Seen almost as much clogged venting with Shinglevent II also..... :no:


----------



## pdXammo (Nov 12, 2021)

The ventilation system is fighting itself. It first needs to be balanced between intake and exhaust. The attic venting is defeating the SmartVents. You should not mix venting modes. The air should travel straight up from the SmartVent to the ridge and out. Any other venting present will defeat the function of the primary venting.


----------



## Bud9051 (Nov 11, 2015)

Old thread and your concerns about different types of vents is wrong. Others will read this so I'm adding the correction.

Bud


----------



## pdXammo (Nov 12, 2021)

Bud, I would encourage you to investigate GAF University or other forms of institutional learning about roof ventilation. They explicitly counsel against the mixing of vent types with the exception of intake side vents in the same plane. In this instance, the gable vents could feed the exhaust vents and disallow airflow through the areas where mold is being observed.
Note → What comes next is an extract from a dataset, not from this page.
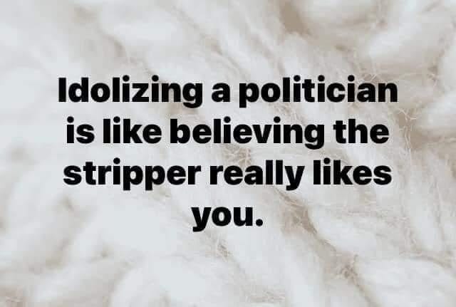 I love that quote "Idolizing a politician is like believing the stripper really likes you."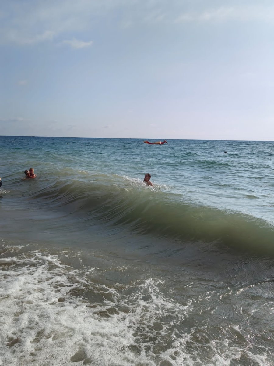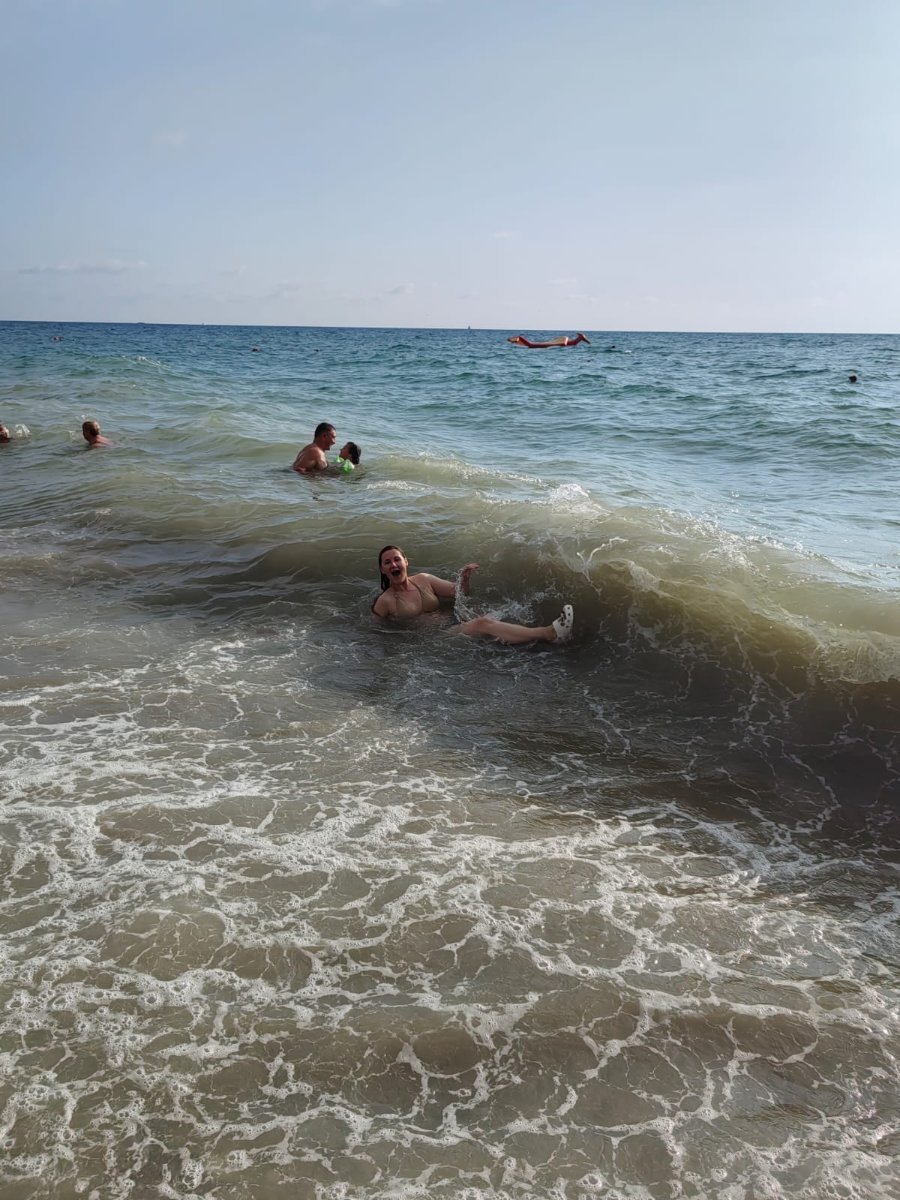 Сегодня такие волны были, заливало вплоть до лежаков. Кто был ближе к морю с полотенцем и  подстилками, всех залило и им пришлось ретироваться. Море сильно волновалось и было мутным.

A design imperative is the flow of cooling and drying air under the entire roof deck.








The Most Common Types of Roof Vents for Attic Ventilation


Here's what you need to know about the most common types of roof vents in order to make smart choices for your next project.



www.gaf.com




In this persons case as air flow is lost at the eave from snow the exhaust likely draws from the gable vents and this stops cooling at the eave exacerbating the formation of ice dams.
The OP's vent's were also not correctly installed but, that wouldn't lead to ice damming. The notch was cut too large and there's no I&W. Neither should matter that much if everything else functioned perfectly but, how often is that true?


----------



## Bud9051 (Nov 11, 2015)

The references you give are obsolete but explaining that to you would not be possible, you are sold on that thinking. Air in an attic moves by way of atmospheric pressure, the difference between inside and outside, not by convection.

Vents located above the NPP (neutral pressure plane) will function as exhaust vents regardless of their location.

Enjoy
Bud


----------